Я дотронулся до повязки над правым ухом, врачи уже успели обработать рану. Я поморщился от боли.
— Врач сказал, тебе повезло, — заметил Ершов, отслеживая моё движение. — Удар пришелся вскользь. Кость цела. Иначе… могло быть гораздо хуже.
Видимо, я всё же успел чуть увернуться. Но вслух я сказал другое:
— Что касается вашего приезда… Я сам вас к этому подтолкнул. Помните, в автобусе? А потом… я срисовал вашего человека.
Лицо Ершова вытянулось. Он резко выдохнул дым.
— Какого человека? — спросил он слишком спокойно.
— Да-да, — кивнул я, — ваш уборщик. Или кто он там. В училище. Правда, сначала я подумал, что это человек Грачёва. Но потом, возле той телефонной будки у госпиталя, он прокололся. Я не сразу его признал, но когда снова увидел в училище, сопоставил фигуру, движения… Он слегка подволакивает левую ногу. Так себе агент, если честно. Слишком заметный.
Ершов кисло поморщился. Он швырнул окурок на землю и раздавил его каблуком ботинка.
— Какой нашёлся, — проговорил он мрачно. — Но по поводу человека Грачёва ты был не так уж далёк от истины. У него в училище был человек. Но не уборщик.
Я вопросительно поднял бровь. Ершов отрицательно покачал головой, отрезая дальнейшие расспросы.
— Не скажу. Это закрытая информация.
Я пожал плечами. Не так уж и важно. Главное, шпиона схватили. Я полез за пазуху и вытащил записную книжку Орлова.
— Вот, держите, — я протянул её Ершову. — Здесь много интересного. Счета, схемы, имена. В том числе мелькает информация о чиновниках повыше, которые давали ему задания. Косвенно, но след прослеживается. — Я посмотрел Ершову прямо в глаза. — Там и про ограбление моего отца есть информация.
Впервые за всё время нашего знакомства я увидел на каменном лице капитана отчетливую вспышку волнения. Что-то мелькнуло в его глазах. Азарт охотника, который получил долгожданный след? Тревога? Эмоция мелькнула и мгновенно исчезла.
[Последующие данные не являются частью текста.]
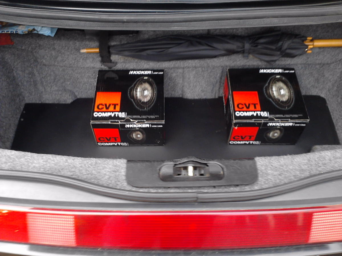 Dále a prozatím před zazimováním (záleží na počasí), jsem řešil ozvučení alfy. Po dlouhém promýšlení kam osadit subwoofer a zesilovač tak, aby se kufr dal nadále používat, vypadalo to pěkně a aby to hrálo, jsem došel k závěru že nejlepší bude vyměnit originální reproduktory 165mm za hlavovými opěrkami zadních sedaček za dva subwoofry značky Kicker. Zesilovač jsem nakonec koupil čtyřkanál Crunch a umístil jsem ho do kufru do vlastnoručně vyrobené bedny a je schovaný pod plexisklem. Jsem s tím spokojen, ale ještě příjde výměna předních repro a dolazení... :-)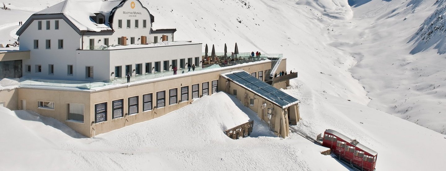 56 m² Röhrenkollektoren in den Scheiben der Fenster des Sockelgeschosses liefern die nötige Energie für das Warmwasser im Romantik Hotel Muottas Muragl. 16 Erdsonden mit einer mittleren Länge von 200 Meter, total 3200 Meter, versorgen das gesamte Gebäude mit Erdwärme. Zusätzlich sorgt entlang des Bahntrasses auf 228 Metern die effizienteste Photovoltaikanlage der Schweiz für die Generation der benötigten elektrischen Energie. Falls überschüssige Sonnenenergie verfügbar ist, wird diese über die Erdsonden im Erdreich gespeichert. Dadurch regeneriert sich die Erdspeichermasse. Die Abwärme von Kühlanlagen, die Wärmerückgewinnung aus der Abluft sowie aus der Abwärme des Maschinenraums sind weitere ergänzende Massnahmen, welche aus dem neuen Gebäude einen nachhaltigen und umweltfreundlichen Betrieb machen. In der Jahresbilanz produziert der Berg übrigens sogar mehr Energie, als das Gebäude benötigt.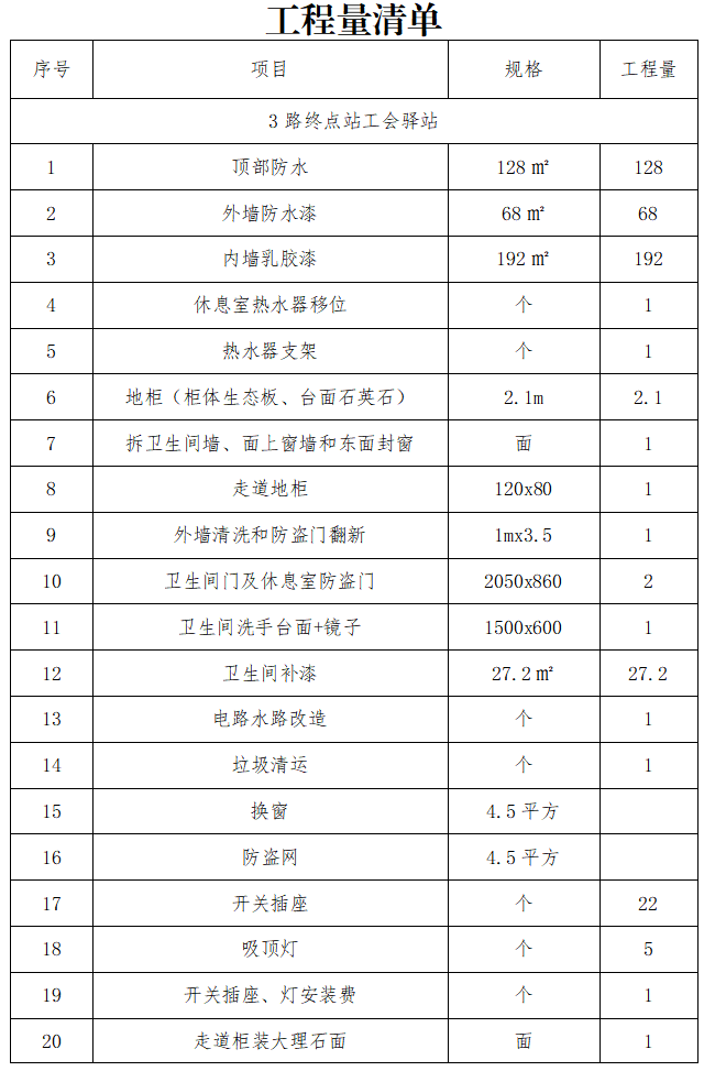 工程內(nèi)容:3路、8路終點站及出租車駕駛員休息驛站,統(tǒng)一規(guī)劃、整合升級,具體內(nèi)容詳見工程量清單(附件)。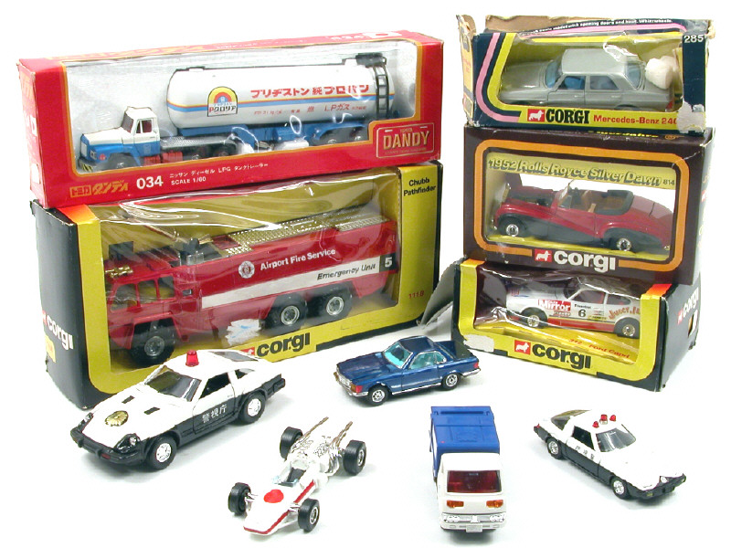 miniatures reproduisant les modèles : MAZDA, HONDA, DATSUN, FORD, MERCEDES, ROLLS ROYCE, ISUZU, CHUBB & NISSAN : on y retrouve les marques : CORGI TOYS, YONEZAWA DIAPET & TOMICA DANDY - 3 boîtes en état 'c'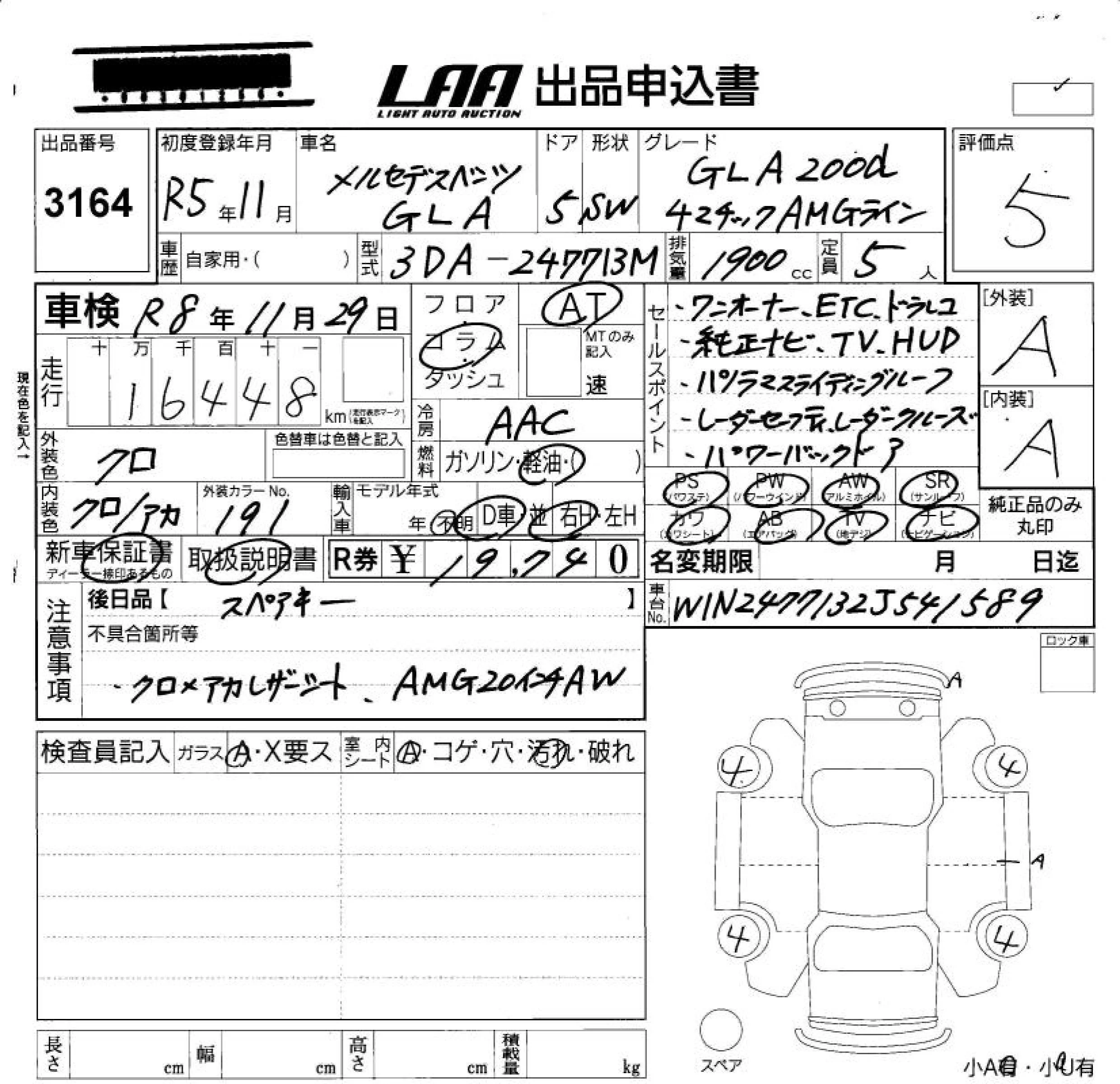 Mercedes-Benz GLA CLASS с аукциона Японии LAA Okayama лот № 3164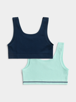 Stay comfortable all day in our Jet Aqua Navy Rib Seamless Crop Bra. This 2 pack boasts a seamless design for a smooth fit under any outfit. With a blend of breathability and support, it's the perfect addition to your wardrobe.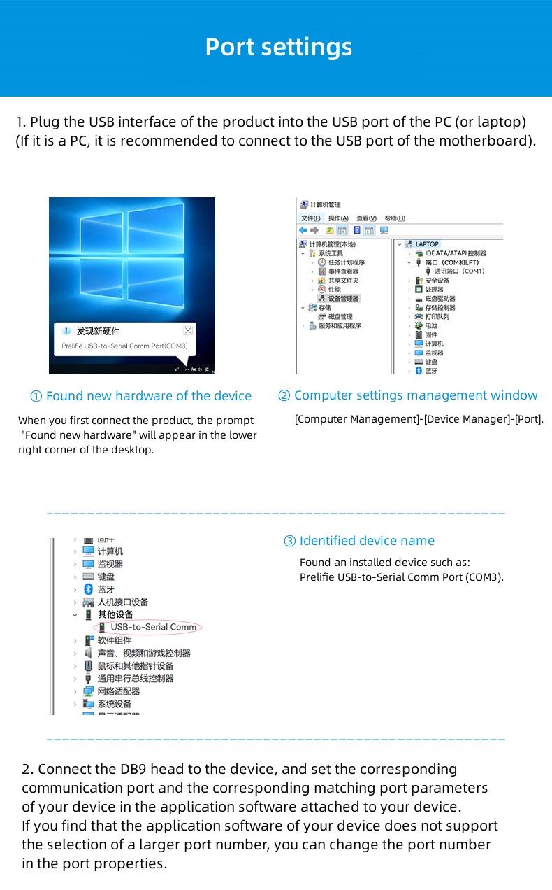 1. Connect the product to the USB port of the computer. You can see an unknown device in [Device Manager]-[Other Devices]. At this time, you need to install the product driver first, and then set the port.

Но я успел это увидеть.
— Благодарю, — сказал он коротко, забирая книгу из моих рук. Он быстро пролистал несколько страниц, его взгляд скользил по строчкам. Потом он так же быстро сунул её во внутренний карман своего серого плаща. — Это… пригодится.
— Что с ним будет? — я мотнул головой в сторону автозака, где уже захлопнулись тяжелые двери. Мотор заурчал, готовый к отъезду.
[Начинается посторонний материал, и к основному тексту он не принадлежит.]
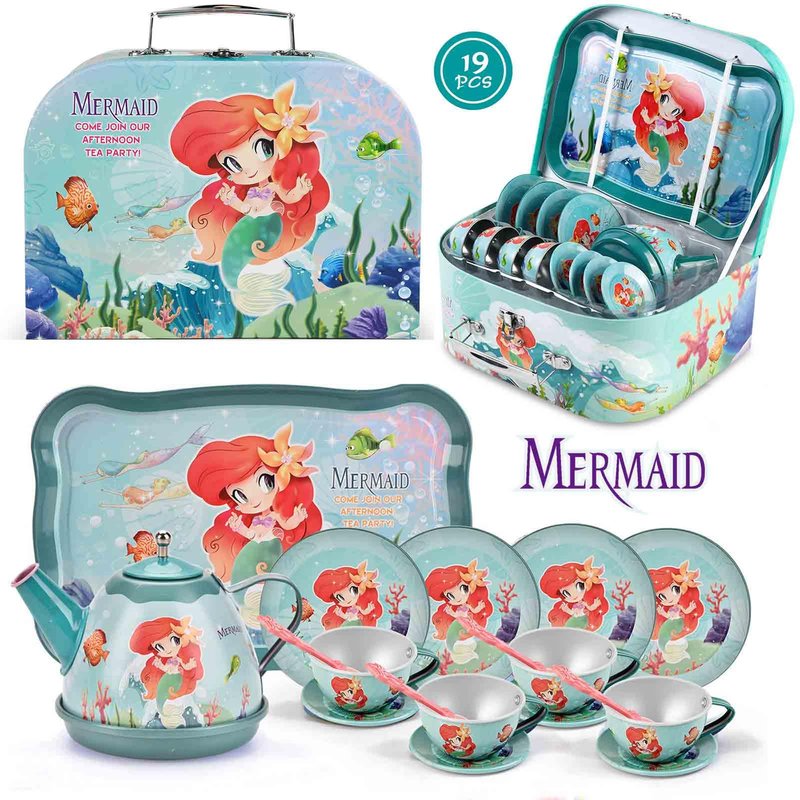 - INSPIRING IMAGINATION: This adorable toy tin set is designed to encourage children to use their imagination and improve their creativity and social skills. The tea set is decorated with a magical mermaid, colorful fishes, and other delightful sea creatures, sure to inspire your little ones.

Ершов проследил за машиной и задумчиво проговорил:
— Допросим по всем правилам. А потом… — он развел руками, — … будет видно. Суд. Следствие. У него связи, это факт. Но с такими уликами… — Он похлопал по карману с книжкой. — … будет сложно вывернуться. Главное, тебя и твою семью он точно не побеспокоит больше. Этого не допустим.
Я невесело хмыкнул. Его слова «будет видно» и «сложно вывернуться» звучали не слишком обнадеживающе. Я посмотрел куда-то вдаль, за пустырь, где горели редкие огни города.
— Надеюсь, — проговорил я задумчиво, — что «ситуация» не сложится таким образом, что Михаил Валерьянович выйдет из воды сухим, как ни в чём не бывало. В нашей жизни преступление и наказание часто существуют порознь. Особенно когда на доске появляются фигуры побольше.
Ершов не ответил. Он снова посмотрел на автозак, который начинал медленно двигаться по пыльной дороге, увозя Грачева и его шайку. Потом я услышал его тяжелый вздох. Глубокий, усталый.
Капитан ничего не ответил, но этот вздох говорил сам за себя. Не всё было так просто. Не всё зависело только от буквы закона.
Я задрал голову и посмотрел вверх. Над Волгоградом повисло низкое, серое, сплошь затянутое тяжелыми тучами небо. Как бы там ни было, но эта грязная и опасная история закончилась.
Теперь можно выдохнуть и сосредоточиться на том, для чего я сюда и попал — на учебе, на небе, на космосе. Без этих изматывающих шпионских игр. Просто учиться и летать.